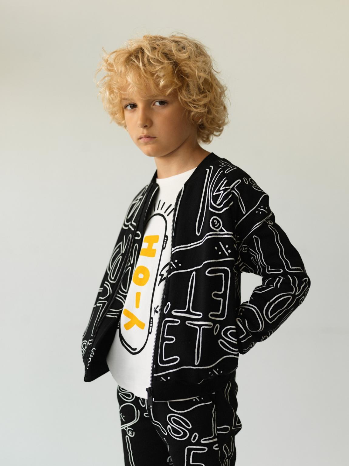 Ζακέτα φούτερ μαύρη Let's roll allover, T-shirt winter white με τύπωμα & Παντελόνι φούτερ μαύρο Let's roll allover
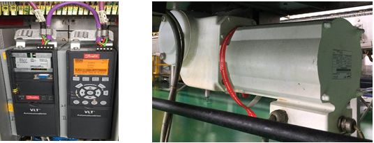 用兩台Danfoss OGD電機替換原SSB Duradrive同步電機,用2台FC302驅動器內置MCA114 Profibus-DP通訊卡驅動兩台OGD電機,替換原係統的VLT5000變頻器。
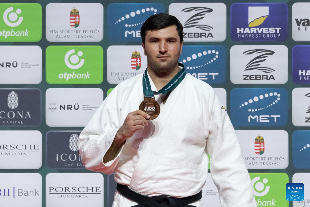 Gold medalist Inal Tasoev from neutral athletes of the International Judo Federation (IJF) poses during the awarding ceremony for the men's +100kg event at the IJF Judo World Championships 2025 in Budapest, Hungary, June 19, 2025. (Photo by Attila Volgyi/Xinhua)

§

WHAT THE TASK ASKS: The whole listing should be restated word for word, with no pictures.

REPLY:
 Ζακέτα φούτερ μαύρη Let's roll allover, T-shirt winter white με τύπωμα & Παντελόνι φούτερ μαύρο Let's roll allover
 用兩台Danfoss OGD電機替換原SSB Duradrive同步電機,用2台FC302驅動器內置MCA114 Profibus-DP通訊卡驅動兩台OGD電機,替換原係統的VLT5000變頻器。
 Gold medalist Inal Tasoev from neutral athletes of the International Judo Federation (IJF) poses during the awarding ceremony for the men's +100kg event at the IJF Judo World Championships 2025 in Budapest, Hungary, June 19, 2025. (Photo by Attila Volgyi/Xinhua)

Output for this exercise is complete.